Start of STUDY MATERIAL

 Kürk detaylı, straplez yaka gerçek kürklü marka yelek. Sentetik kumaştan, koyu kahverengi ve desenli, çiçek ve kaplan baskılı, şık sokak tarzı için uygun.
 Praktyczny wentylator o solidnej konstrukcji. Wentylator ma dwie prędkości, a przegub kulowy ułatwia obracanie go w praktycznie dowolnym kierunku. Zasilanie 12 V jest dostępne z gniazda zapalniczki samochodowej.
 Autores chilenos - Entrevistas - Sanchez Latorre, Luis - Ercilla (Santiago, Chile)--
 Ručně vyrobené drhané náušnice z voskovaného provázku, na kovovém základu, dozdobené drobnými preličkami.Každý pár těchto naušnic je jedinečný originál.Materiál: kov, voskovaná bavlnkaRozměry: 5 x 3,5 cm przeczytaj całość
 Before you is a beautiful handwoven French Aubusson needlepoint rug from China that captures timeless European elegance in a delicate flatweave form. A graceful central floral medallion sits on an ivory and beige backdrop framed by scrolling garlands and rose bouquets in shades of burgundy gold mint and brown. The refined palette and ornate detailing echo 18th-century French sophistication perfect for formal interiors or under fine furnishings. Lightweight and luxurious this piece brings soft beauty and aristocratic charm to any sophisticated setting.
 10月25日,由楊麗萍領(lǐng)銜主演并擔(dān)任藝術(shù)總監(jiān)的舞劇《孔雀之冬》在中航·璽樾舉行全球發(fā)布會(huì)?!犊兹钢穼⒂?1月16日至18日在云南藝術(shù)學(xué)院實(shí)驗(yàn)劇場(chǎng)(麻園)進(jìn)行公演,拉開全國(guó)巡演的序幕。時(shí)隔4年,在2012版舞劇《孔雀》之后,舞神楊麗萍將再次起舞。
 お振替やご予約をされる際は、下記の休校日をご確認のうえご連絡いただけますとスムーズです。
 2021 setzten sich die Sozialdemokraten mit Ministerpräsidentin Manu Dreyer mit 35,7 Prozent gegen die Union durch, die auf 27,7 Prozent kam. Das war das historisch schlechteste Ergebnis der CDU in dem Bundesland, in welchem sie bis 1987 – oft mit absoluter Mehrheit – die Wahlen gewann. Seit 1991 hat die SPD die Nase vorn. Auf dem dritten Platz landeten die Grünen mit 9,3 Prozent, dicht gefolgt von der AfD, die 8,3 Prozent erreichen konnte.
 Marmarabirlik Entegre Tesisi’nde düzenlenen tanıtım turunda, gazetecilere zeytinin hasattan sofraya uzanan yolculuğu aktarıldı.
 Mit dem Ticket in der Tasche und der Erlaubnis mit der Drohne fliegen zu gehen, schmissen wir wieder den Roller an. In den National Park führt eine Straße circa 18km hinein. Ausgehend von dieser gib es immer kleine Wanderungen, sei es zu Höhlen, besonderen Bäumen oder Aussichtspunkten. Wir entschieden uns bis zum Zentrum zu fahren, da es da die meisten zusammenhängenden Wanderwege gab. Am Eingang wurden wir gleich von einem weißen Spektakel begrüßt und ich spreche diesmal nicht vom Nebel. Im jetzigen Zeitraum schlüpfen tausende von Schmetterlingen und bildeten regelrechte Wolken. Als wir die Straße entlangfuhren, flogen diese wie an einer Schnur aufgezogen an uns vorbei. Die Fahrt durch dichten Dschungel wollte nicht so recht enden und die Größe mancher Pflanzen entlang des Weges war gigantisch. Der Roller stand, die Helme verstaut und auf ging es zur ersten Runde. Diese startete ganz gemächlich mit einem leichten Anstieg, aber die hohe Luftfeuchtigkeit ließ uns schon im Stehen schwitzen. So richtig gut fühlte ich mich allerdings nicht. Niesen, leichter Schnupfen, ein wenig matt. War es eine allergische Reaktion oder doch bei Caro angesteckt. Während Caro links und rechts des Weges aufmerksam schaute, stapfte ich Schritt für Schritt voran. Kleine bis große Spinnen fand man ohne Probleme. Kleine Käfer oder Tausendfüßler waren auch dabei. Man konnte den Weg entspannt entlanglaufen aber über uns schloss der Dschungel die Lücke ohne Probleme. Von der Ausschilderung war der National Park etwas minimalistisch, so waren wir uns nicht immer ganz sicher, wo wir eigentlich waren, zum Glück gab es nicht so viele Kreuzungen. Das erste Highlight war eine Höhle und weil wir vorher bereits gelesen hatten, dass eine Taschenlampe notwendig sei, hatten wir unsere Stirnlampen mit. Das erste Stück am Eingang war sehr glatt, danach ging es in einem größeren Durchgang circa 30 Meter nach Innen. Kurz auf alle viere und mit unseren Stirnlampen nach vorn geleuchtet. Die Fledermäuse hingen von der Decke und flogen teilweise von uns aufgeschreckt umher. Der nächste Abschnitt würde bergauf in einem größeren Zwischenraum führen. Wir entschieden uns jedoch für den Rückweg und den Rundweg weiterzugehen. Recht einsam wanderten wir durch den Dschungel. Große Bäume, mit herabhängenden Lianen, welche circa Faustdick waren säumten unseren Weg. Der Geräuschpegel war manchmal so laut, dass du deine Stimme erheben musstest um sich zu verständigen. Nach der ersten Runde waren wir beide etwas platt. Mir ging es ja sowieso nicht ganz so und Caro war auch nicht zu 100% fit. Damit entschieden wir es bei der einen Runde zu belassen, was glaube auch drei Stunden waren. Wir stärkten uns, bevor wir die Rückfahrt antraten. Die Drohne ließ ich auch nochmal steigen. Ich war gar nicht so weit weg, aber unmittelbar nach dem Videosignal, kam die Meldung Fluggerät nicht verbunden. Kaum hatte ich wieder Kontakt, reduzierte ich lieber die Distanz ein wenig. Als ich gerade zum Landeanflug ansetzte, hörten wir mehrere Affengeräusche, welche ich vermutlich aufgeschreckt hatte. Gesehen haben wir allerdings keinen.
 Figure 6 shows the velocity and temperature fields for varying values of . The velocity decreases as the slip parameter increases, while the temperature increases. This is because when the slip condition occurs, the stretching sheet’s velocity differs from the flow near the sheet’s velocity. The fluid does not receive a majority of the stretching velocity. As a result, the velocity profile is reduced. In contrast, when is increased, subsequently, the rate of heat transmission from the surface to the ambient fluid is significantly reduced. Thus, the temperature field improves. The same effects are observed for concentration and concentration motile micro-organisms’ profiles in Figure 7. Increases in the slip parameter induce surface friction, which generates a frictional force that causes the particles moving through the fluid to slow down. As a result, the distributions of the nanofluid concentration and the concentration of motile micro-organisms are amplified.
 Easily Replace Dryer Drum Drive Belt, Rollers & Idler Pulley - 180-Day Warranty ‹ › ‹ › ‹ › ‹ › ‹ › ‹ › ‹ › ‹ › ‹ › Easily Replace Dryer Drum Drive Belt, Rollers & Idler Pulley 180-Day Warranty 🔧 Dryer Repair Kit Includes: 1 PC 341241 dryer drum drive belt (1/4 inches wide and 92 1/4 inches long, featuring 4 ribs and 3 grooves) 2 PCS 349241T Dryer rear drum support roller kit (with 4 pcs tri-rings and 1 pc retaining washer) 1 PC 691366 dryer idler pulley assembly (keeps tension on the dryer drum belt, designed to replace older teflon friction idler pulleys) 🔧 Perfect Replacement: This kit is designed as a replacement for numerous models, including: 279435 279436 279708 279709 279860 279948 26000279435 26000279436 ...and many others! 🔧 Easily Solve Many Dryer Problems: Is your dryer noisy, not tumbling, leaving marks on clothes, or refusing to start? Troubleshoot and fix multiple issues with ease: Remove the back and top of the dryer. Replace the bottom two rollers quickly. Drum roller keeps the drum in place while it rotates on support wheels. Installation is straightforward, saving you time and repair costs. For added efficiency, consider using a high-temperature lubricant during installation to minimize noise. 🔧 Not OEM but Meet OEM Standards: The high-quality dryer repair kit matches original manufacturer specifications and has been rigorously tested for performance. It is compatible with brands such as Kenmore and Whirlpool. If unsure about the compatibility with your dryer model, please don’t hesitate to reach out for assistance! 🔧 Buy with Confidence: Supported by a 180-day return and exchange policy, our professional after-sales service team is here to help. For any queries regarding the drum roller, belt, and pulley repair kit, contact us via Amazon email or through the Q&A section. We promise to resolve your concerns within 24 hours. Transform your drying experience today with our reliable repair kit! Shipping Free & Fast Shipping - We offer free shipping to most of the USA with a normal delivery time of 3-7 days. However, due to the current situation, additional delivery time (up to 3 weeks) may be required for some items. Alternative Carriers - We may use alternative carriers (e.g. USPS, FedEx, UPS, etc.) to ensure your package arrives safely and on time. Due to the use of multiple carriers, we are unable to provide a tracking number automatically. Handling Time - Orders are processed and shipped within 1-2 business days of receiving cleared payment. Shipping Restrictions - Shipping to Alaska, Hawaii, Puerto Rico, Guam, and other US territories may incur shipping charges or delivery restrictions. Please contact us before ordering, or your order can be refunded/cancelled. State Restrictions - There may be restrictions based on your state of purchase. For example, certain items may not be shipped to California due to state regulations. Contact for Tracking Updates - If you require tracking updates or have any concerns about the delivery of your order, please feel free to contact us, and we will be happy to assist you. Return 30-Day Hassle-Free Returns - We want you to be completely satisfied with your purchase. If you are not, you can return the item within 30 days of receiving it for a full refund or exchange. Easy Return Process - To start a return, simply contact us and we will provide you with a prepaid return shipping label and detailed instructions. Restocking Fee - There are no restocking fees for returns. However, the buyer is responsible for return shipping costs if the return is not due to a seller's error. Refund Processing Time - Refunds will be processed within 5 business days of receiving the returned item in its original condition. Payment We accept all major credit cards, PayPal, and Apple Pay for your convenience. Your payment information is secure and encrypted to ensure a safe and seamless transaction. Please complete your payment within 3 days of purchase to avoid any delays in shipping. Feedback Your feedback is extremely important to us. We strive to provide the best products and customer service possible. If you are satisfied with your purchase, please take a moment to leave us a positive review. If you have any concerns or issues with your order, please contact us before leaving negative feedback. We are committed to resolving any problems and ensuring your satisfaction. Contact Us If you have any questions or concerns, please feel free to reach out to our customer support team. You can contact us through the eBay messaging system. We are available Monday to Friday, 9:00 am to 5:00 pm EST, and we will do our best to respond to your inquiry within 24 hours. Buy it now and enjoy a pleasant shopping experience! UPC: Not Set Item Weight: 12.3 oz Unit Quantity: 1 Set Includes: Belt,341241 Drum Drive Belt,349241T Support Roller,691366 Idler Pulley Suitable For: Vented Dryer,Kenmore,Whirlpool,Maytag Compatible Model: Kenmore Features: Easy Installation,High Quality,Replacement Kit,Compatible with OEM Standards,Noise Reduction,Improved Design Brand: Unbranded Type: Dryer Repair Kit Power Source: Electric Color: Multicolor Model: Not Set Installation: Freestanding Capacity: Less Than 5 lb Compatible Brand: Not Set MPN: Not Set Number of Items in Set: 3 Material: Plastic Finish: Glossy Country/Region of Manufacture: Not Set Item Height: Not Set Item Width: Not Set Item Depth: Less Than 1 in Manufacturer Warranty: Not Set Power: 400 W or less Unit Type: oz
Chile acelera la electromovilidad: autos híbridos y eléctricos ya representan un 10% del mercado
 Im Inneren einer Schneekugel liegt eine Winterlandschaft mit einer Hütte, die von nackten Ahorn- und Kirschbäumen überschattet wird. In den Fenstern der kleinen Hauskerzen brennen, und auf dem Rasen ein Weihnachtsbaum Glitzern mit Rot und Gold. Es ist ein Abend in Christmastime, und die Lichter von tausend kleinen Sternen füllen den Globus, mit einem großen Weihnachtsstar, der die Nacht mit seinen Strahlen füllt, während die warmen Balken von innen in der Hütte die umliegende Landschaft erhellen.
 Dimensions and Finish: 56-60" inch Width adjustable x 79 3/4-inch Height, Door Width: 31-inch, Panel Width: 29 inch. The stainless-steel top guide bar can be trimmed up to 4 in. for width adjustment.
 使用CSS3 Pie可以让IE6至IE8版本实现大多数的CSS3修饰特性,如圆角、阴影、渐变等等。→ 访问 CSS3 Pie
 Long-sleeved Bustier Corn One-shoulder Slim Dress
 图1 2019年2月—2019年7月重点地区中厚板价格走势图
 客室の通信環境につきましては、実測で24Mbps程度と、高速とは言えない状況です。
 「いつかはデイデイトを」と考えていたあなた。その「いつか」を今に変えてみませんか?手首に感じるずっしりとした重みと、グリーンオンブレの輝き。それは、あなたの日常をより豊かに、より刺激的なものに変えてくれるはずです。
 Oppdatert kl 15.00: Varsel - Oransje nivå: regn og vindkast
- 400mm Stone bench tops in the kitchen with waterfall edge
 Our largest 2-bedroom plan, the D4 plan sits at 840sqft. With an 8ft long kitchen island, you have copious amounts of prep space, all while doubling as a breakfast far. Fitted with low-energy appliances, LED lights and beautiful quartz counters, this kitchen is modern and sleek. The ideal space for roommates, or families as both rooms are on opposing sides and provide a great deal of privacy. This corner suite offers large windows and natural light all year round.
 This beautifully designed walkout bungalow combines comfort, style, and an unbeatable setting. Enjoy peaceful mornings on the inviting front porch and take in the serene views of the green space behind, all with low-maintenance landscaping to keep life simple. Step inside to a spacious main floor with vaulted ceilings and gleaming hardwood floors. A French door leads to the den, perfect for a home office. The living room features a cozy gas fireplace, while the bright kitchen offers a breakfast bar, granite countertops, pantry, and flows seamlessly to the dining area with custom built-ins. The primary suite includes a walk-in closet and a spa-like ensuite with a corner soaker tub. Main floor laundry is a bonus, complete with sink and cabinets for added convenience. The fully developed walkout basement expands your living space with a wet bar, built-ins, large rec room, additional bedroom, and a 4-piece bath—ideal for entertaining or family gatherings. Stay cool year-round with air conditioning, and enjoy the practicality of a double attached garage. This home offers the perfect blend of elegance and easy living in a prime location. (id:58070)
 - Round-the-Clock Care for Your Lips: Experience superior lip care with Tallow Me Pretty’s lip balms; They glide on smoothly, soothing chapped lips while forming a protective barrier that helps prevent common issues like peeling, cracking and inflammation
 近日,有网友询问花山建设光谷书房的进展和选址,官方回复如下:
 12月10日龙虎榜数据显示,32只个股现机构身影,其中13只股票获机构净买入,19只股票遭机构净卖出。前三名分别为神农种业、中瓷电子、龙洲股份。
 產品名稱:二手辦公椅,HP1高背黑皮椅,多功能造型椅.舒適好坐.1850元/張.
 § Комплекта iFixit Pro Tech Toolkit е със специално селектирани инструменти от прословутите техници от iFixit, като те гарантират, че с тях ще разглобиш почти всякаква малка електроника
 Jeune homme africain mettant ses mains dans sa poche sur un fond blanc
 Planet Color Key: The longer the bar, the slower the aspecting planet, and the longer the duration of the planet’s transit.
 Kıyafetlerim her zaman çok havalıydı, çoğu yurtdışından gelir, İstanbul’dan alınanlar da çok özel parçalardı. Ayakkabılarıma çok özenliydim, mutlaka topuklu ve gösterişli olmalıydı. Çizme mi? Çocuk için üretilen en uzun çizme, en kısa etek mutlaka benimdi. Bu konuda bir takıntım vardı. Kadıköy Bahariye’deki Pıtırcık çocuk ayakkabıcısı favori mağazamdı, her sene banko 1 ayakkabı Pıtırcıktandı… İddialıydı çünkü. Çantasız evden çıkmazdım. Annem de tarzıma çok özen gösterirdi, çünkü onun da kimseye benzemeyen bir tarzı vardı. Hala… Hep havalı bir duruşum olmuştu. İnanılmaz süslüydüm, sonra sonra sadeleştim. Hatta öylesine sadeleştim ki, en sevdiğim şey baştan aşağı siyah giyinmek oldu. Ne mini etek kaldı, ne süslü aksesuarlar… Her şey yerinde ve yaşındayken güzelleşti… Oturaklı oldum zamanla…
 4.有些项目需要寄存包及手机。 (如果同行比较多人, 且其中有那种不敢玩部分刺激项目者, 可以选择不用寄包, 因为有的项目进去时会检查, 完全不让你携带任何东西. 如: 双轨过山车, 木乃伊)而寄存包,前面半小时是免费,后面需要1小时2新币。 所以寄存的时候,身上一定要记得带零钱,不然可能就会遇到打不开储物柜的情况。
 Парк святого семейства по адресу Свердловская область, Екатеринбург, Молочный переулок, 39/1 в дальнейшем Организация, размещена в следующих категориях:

End of STUDY MATERIAL

▶ **DIRECTIONS FOR THIS TASK**
Report every line in the data that holds "Chile", copying each one.

▶ **OUTPUT BELOW**
 Autores chilenos - Entrevistas - Sanchez Latorre, Luis - Ercilla (Santiago, Chile)--
Chile acelera la electromovilidad: autos híbridos y eléctricos ya representan un 10% del mercado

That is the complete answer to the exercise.